Bayreuth : Wolfgang Wagner: Ewig dein

Der Bayreuther Patriarch und sein Zauberberg: Zum 90. Geburtstag von Wolfgang Wagner.

Frederik Hanssen
Wagner
Auf dem Thron. Wolfgang Wagner. -Foto: dpa

Er ist zweifellos der preußischste aller Franken. Wolfgang Wagner hat sich den Ablauf seiner Bayreuther Festspiele exakt so eingerichtet, dass erst nach vollendeter Arbeit das Vergnügen folgt: Jeweils am 25. Juli starten die Aufführungen auf dem Grünen Hügel, damit die Serie von jährlich dreißig Aufführungen rechtzeitig vor seinem Geburtstag abgeschlossen sein kann. So konnte der seit 1951 amtierende Prinzipal sein Wiegenfest am 30. August dann guten Gewissens genießen, als heiteres Nachspiel der stets anstrengenden Festival-Wochen. 57 Jahre lang, von der Wiedereröffnung der Wagner-Festspiele nach dem Zweiten Weltkrieg bis zu seiner offiziellen Abdankung im vergangenen Jahr, hat er es so gehalten – ein Weltrekordler auf dem Intendantensessel und ein wirtschaftswunderlich strahlendes Vorbild in Sachen Arbeitsethos.

In welchem Gesundheitszustand Wolfgang Wagner heute seinen 90. Geburtstag begeht, ist der Öffentlichkeit unbekannt. Denn seine Tochter Katharina, die nun zusammen mit ihrer Halbschwester Eva Wagner-Pasquier die Geschäfte führt, schirmt den Vater systematisch ab, hält die Türen der Familienvilla am Fuße des Grünen Hügels geschlossen. Allenfalls besonders getreue Vorsitzende ausgewählter Wagner-Vereine werden noch vorgelassen, zu einem letzten Gespräch mit dem greisen Komponisten-Enkel.

Seinen Lebensauftrag hat er erfüllt, den ererbten wie auch jenen, den er sich privat gesetzt hatte. Trotz aller Unkenrufe des Feuilletons, die die künstlerische Stagnation Bayreuths beklagen, gelten die Festspiele weiterhin als begehrtestes Sommer-Event weltweit. Auch hat Wolfgang Wagner allen Mitbestimmungsversuchen der Politik getrotzt und nach hartem, zähem Kampf seine „Wunsch-Maid“ als Nachfolgerin installiert.
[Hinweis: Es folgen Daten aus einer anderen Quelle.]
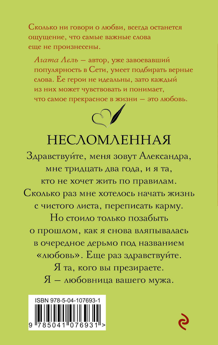 Здравствуйте, меня зовут Александра, мне тридцать два года, и я та, кто не хочет жить по правилам. Сколько раз мне хотелось начать жизнь с чистого листа, переписать карму. Но стоило только позабыть о прошлом, как я снова вляпывалась в очередное дерьмо под названием любовь. Еще раз здравствуйте. Я та, кого вы презираете. Я - любовница вашего мужа.| Издательство | ООО "Издательство "Эксмо" |
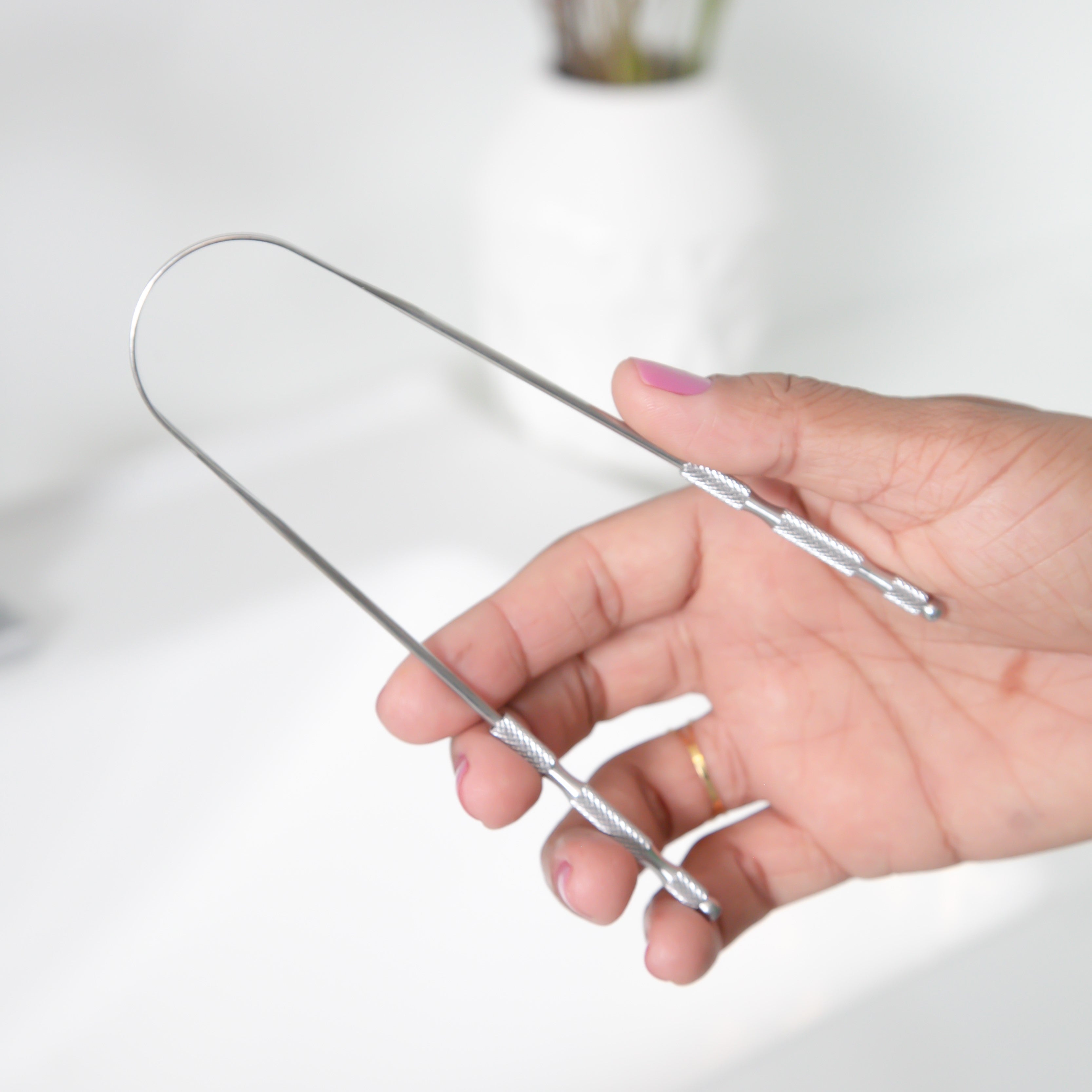 O raspador de língua inox é perfeito para o meu ritual de limpeza, ergonômico e fácil de higienizar.
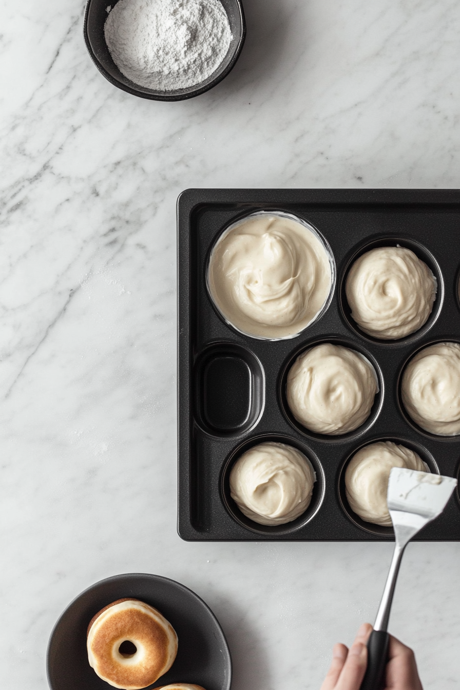 Spoon or pipe the batter into the donut pan, filling each cavity halfway.

In direkter dynastischer Thronfolge steht nun die Komponisten-Urenkelin ganz vorne, die 31-jährige Katharina mit der großen Klappe und dem umwerfenden Selbstbewusstsein, neben der die 64-jährige Eva im ersten gemeinsam gemanagten Festspielsommer nur wie ein blasser Schatten wirkte.

Wie nachhaltig Wolfgang Wagners hundertprozentige Identifikation mit dem Familienbetrieb Festspiele auf die Mitarbeiter des musiktheatralischen Saisonbetriebs gewirkt hat, wurde deutlich, als die Gewerkschaften kurz vor dem diesjährigen Festival-Start plötzlich mit Streiks drohten. All jene Beleuchter, Bühnenarbeiter, Garderobieren, Orchestermusiker und Choristen, die ihre Theaterferien drangeben, um in Bayreuth dabei sein zu können, hatten jahrzehntelang still gehalten, hatten lachhafte Hungerlöhne akzeptiert, aus Zuneigung zum „Alten“. In Bayreuth arbeiten zu dürfen, so lautet sein Credo, sei eben kein normaler Job, sondern eine Ehre.
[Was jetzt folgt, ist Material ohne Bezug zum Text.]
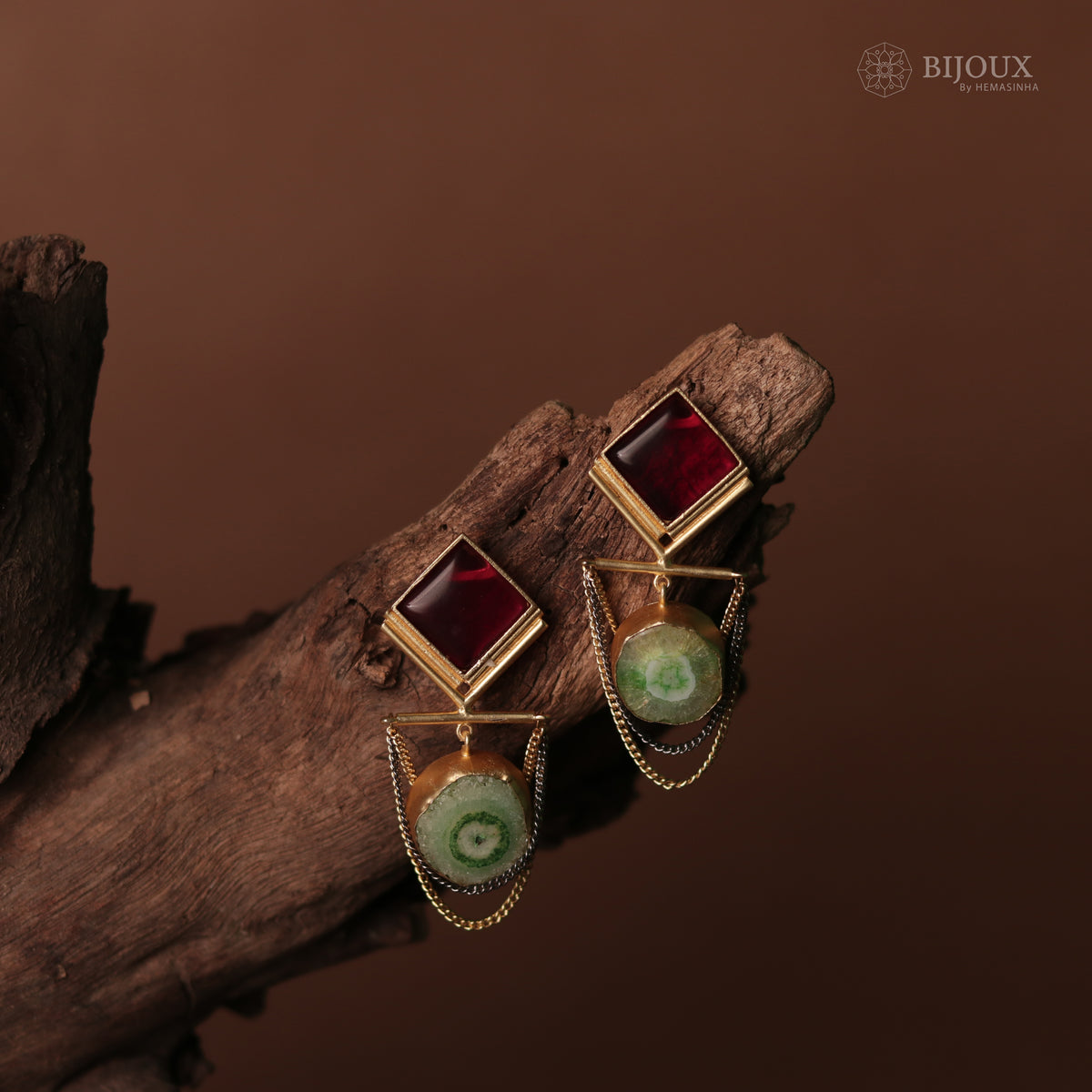 VANDHANA SEMI HANDMADE MONALISA STONE GOLD TONED EARRING- ER67
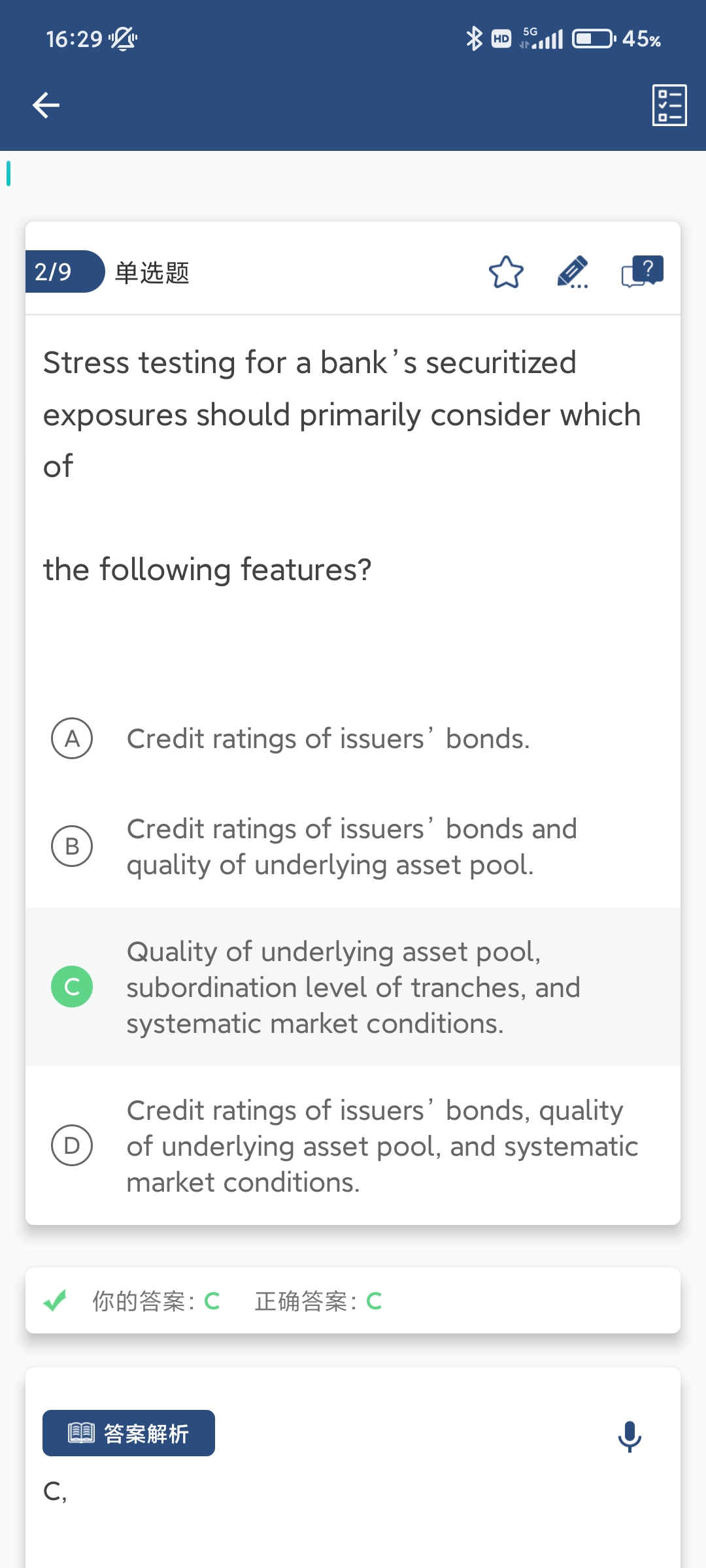 除了上次我回答你的内容,还有就是我们在07-09次贷危机这个部分学习的时候,批判过评级机构对证券化产品评级的滞后性,不准确性,还提到了评级套利,这也就意味着用评级评估证券化产品本身就有很大的问题,所以在做压力测试的时候,我们就不太考虑评级的变动,因为他对产品风险的描述本身就有失准确性
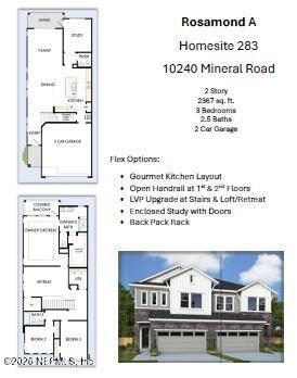 This townhouse located at 10240 Mineral Road, Jacksonville, FL 32256 is currently listed for sale with an asking price of $529,781. This property was built in 2026 and has 3 bedrooms and 2 full and 1 partial baths with 2367 sq. ft. Mineral Road is located in the Kettering at eTown subdivision. Search Kettering At ETown real estate on knoel.watsonrealtycorp.com today.

Nun, nach seinem Rückzug, pochten sie plötzlich darauf, dass sich der Neuanfang der Frauen-Doppelspitze nicht nur in einem Mentalitätswechsel niederschlägt, sondern eben auch in einer Gehaltserhöhung. Am 23. Juli einigte man sich nach einem Verhandlungsmarathon darauf, dass zunächst das nichtkünstlerische Personal finanziell besser gestellt werden soll – und erst mit diesem Datum ist die Ära Wolfgang Wagner wirklich zu Ende gegangen.
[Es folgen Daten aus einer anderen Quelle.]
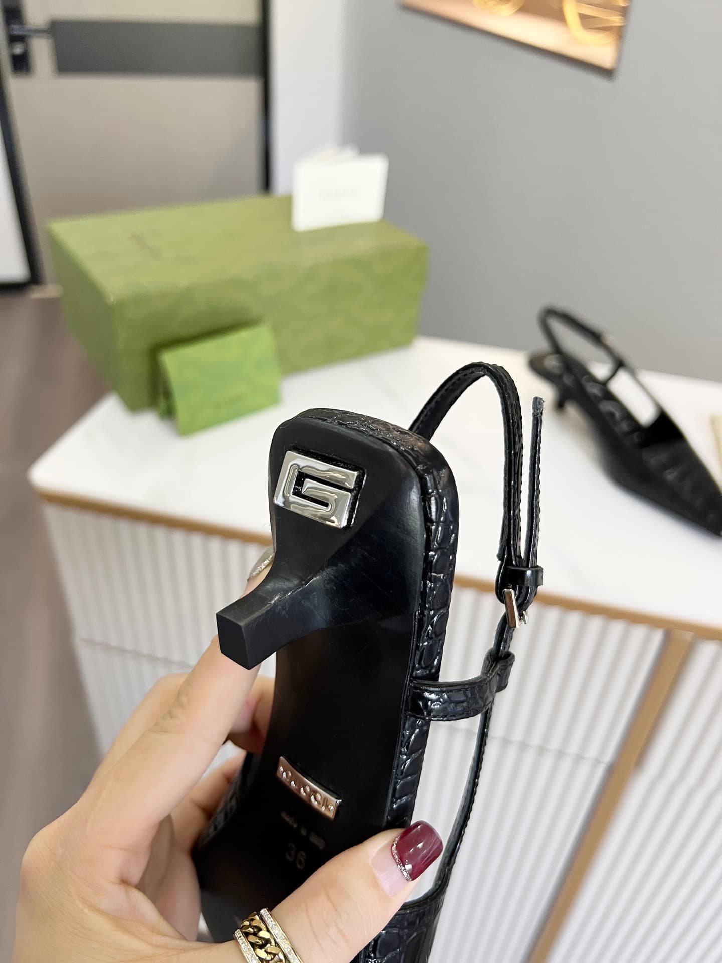 Gucci Women?S Crocodile Print Pump Black 674666 Ukq00 1000
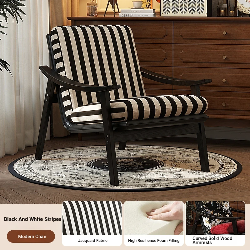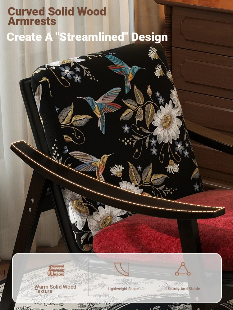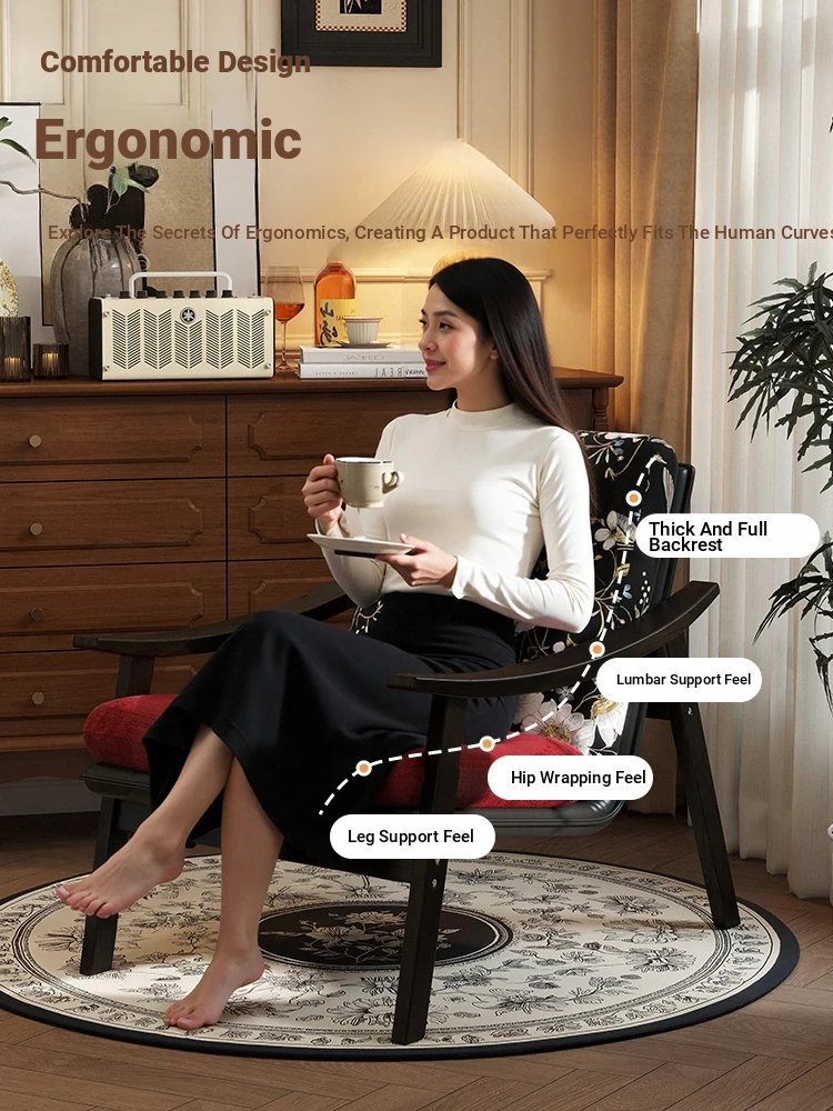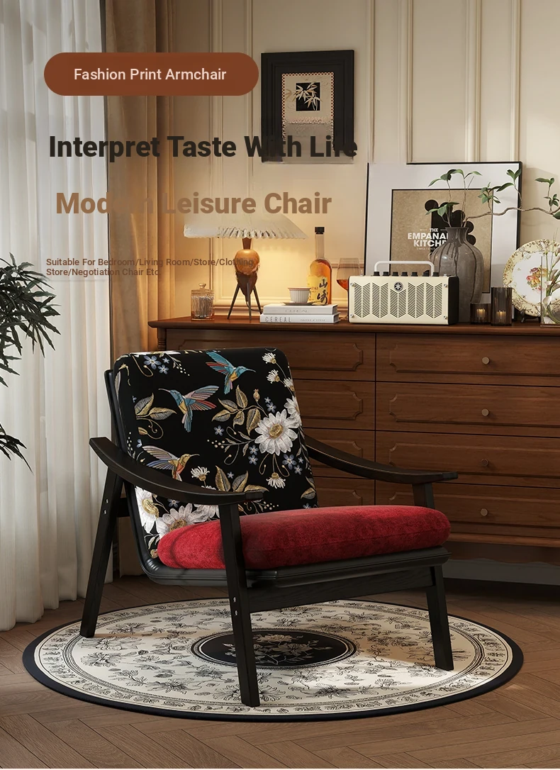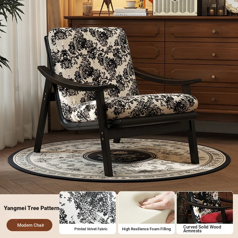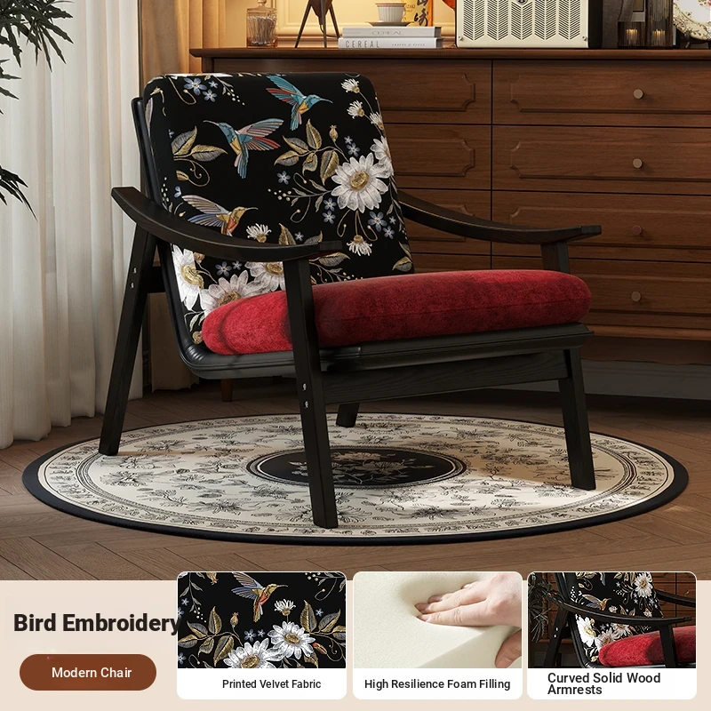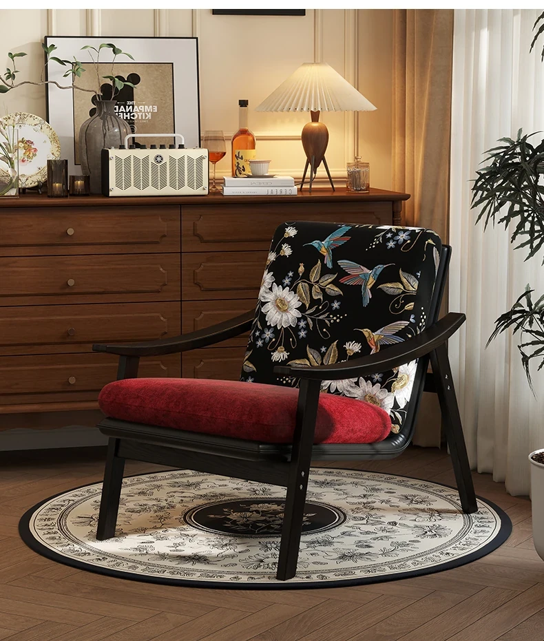 Vintage Style Solid Wood Armchair - French Chic Single Chair for Living Room, Balcony, and Bedroom - Elevate Your Space with Luxurious Retro Design

Hübsch wäre da zum heutigen Tage folgendes Gedankenspiel: Katharina und Eva haben ihren Vater gar nicht erst mit dieser Niederlage behelligt – damit er seinen runden Geburtstag in der Gewissheit feiern kann, dass der Grüne Hügel auch weiterhin ein Zauberberg ist, ein Ort, an dem ganz eigene Regeln für Raum und Zeit gelten, auf der Bühne wie hinter den Kulissen.